Many birders and non-birders alike are certain they've occasionally seen obese birds, but birds can give the appearance of being fat without actually having a weight problem. Different ways birds may seem fat include:

  • Shape and proportion: Some birds have naturally round body shapes, deep chests, short necks, and other features that can make them seem pudgy. Thrushes, for example, generally have broad chests for their large lungs that support their stunning voices and complex songs, but they are not fat birds. Other birds that are shaped in ways that can give the appearance of fat include pigeons, game birds, and penguins.
  • Fluffy feathers: Birds fluff out their feathers for many reasons, including creating better insulation to keep warm in winter, spreading out while sunning, or rearranging their plumage while preening. When feathers are puffy, birds can seem much rounder and fatter than normal, but the change in size is due to feather orientation and air pockets, not fat.
  • Posture: Birds can dramatically change their appearance when they change their posture. The American bittern, for example, can seem long and lanky when its neck is stretched out to mimic surrounding reeds as camouflage, but when it retracts its neck to stalk prey, the bird can appear much pudgier. The angle a birder views a bird from can also make posture and weight differences seem extreme.
  • Crop storage: Raptors may seem exceptionally fat after they have eaten and food is stored in their crop. Because it can be difficult to capture prey, raptors gorge when they have a successful hunt, and the excess food is stored in their crop to be digested more slowly. As the crop bulges, it gives the appearance of a heavier, fatter bird.
  • Natural weight fluctuations: While birds don't become obese, they do have natural weight fluctuations. Many migratory birds, for example, may nearly double their weight in the weeks before migration as they store fat to fuel their journeys. By the end of migration, however, they will be back to their more typical weight. Many penguins also have extraordinary weight fluctuations during their nesting cycle, when they incubate eggs for weeks without feeding.

Bird Obesity

Though most birds are never notably fat, there are unique circumstances where birds can gain too much weight and could be considered dangerously obese. These overweight birds include:

  • Pet birds: Because pet birds are not as active as their wild cousins, many pets are susceptible to weight gain. Pet bird owners must monitor their birds' diets very carefully to avoid overfeeding that can lead to fat birds.
  • Domestic poultry: Ducks, geese, turkeys, and chickens that are raised for meat are often much fatter than wild birds, but that weight gain is deliberately managed to increase farmers' profits by creating more meat to sell.
  • Urban waterfowl: Birds with unhealthy diets of bread do not need to expend as much energy foraging for natural foods, and they may gain unnecessary weight. This often happens with feral waterfowl colonies in urban areas.

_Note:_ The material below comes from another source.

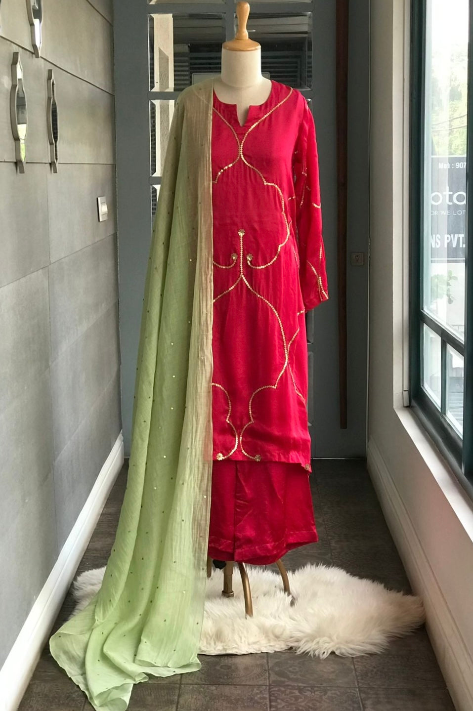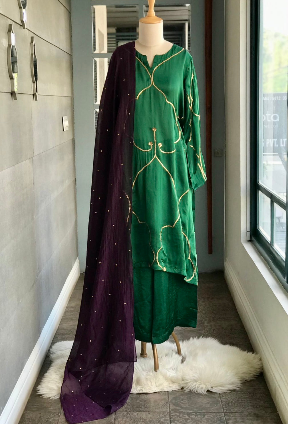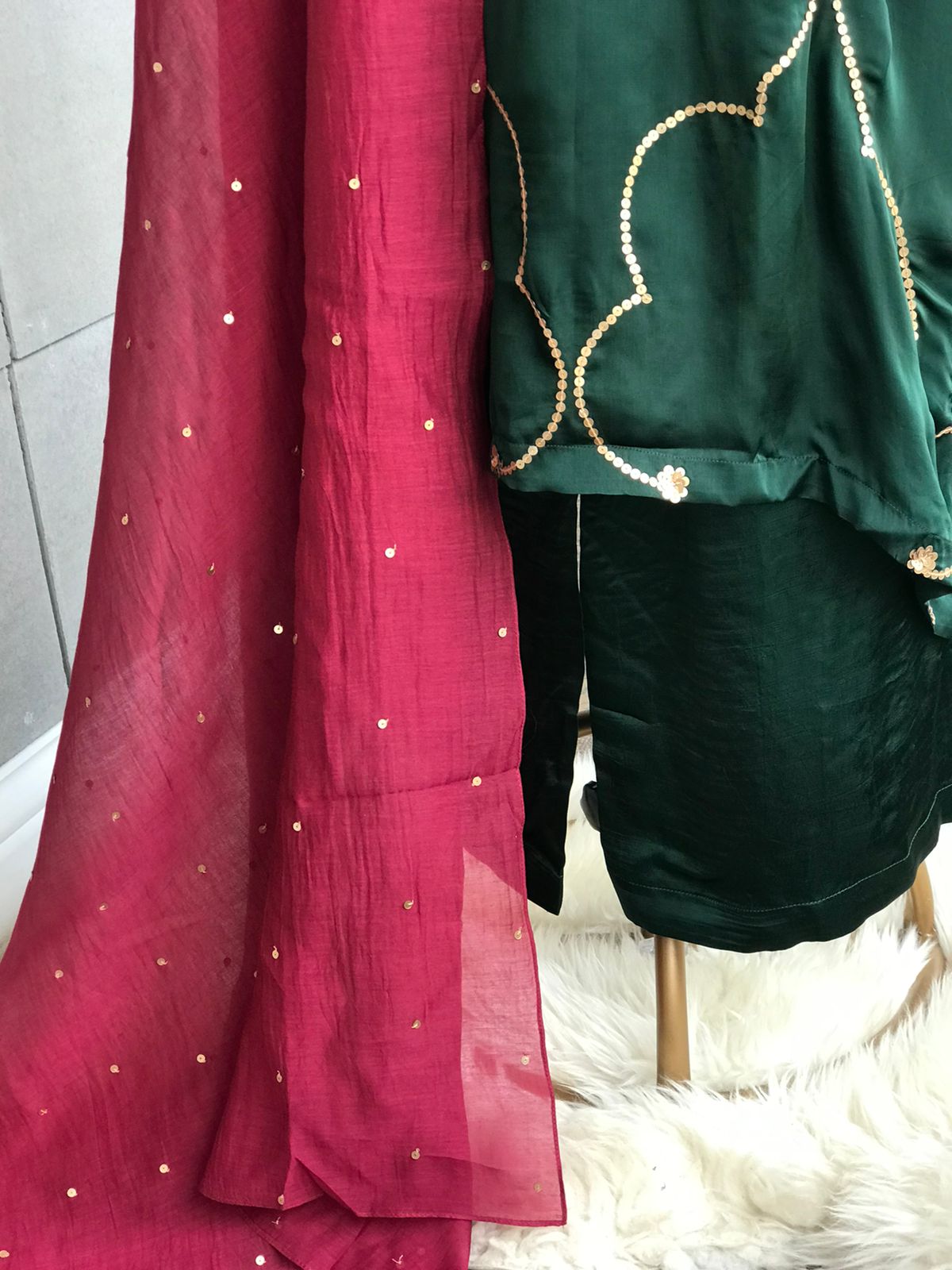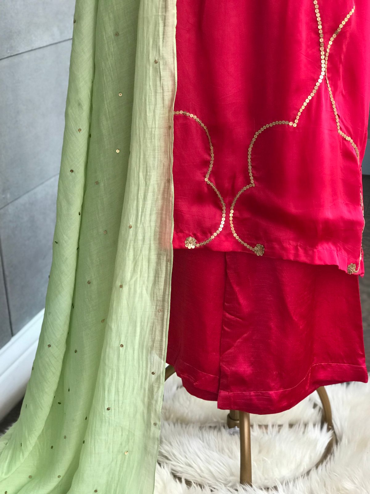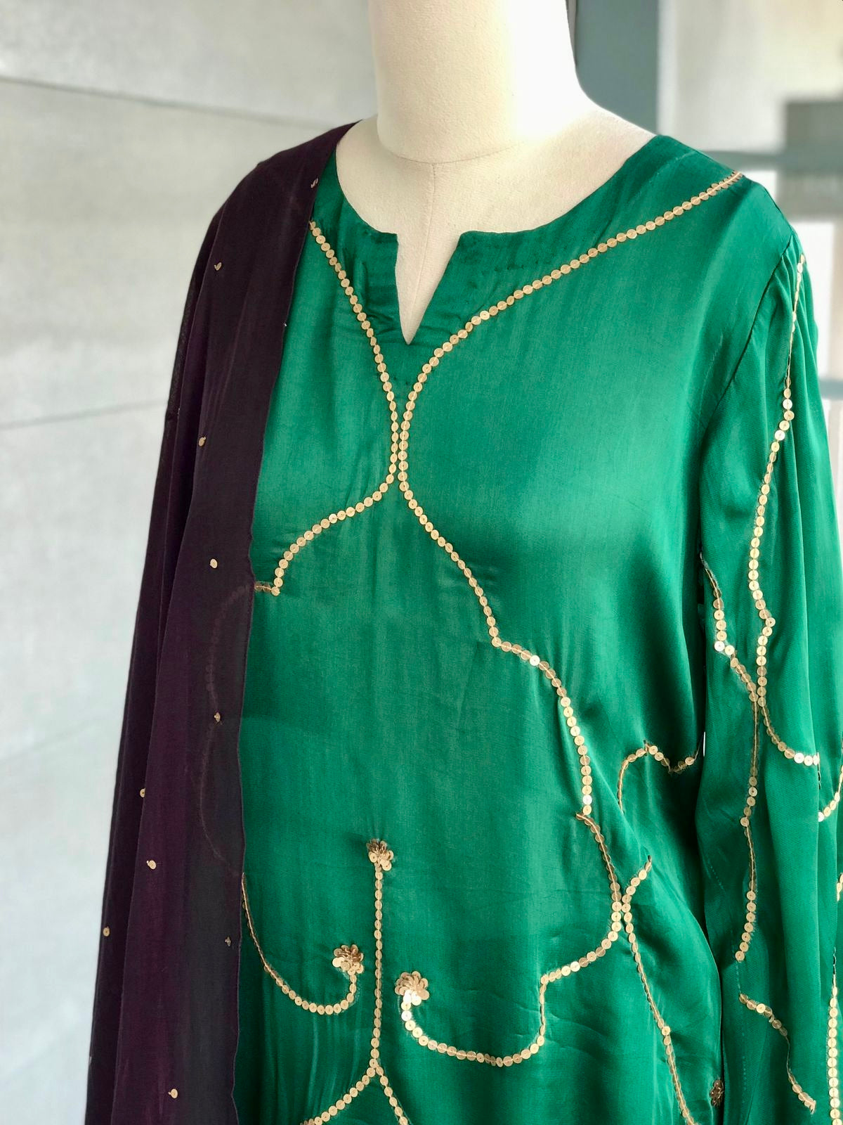 Kurta : Viscose silk kurta with handworked sequins on front and back. Full sleeved.

Help Birds Control Their Weight

While weight gain is not a concern for most wild birds, birders can help their favorite feathered visitors maintain healthy weights by offering a range of good foods and keeping less nutritious items, such as kitchen scraps, reserved for rare treats. Providing natural foods such as berry bushes or seed-bearing flowers is an easy way to encourage birds to have a healthy diet. Feeders can also be carefully monitored to portion foods out in healthy quantities, rather than providing an unending smorgasbord.

By understanding how birds could look fat, but why they're really not obese, birders are better prepared for noticing unusual bird behavior and knowing when a bird's weight might truly be a problem.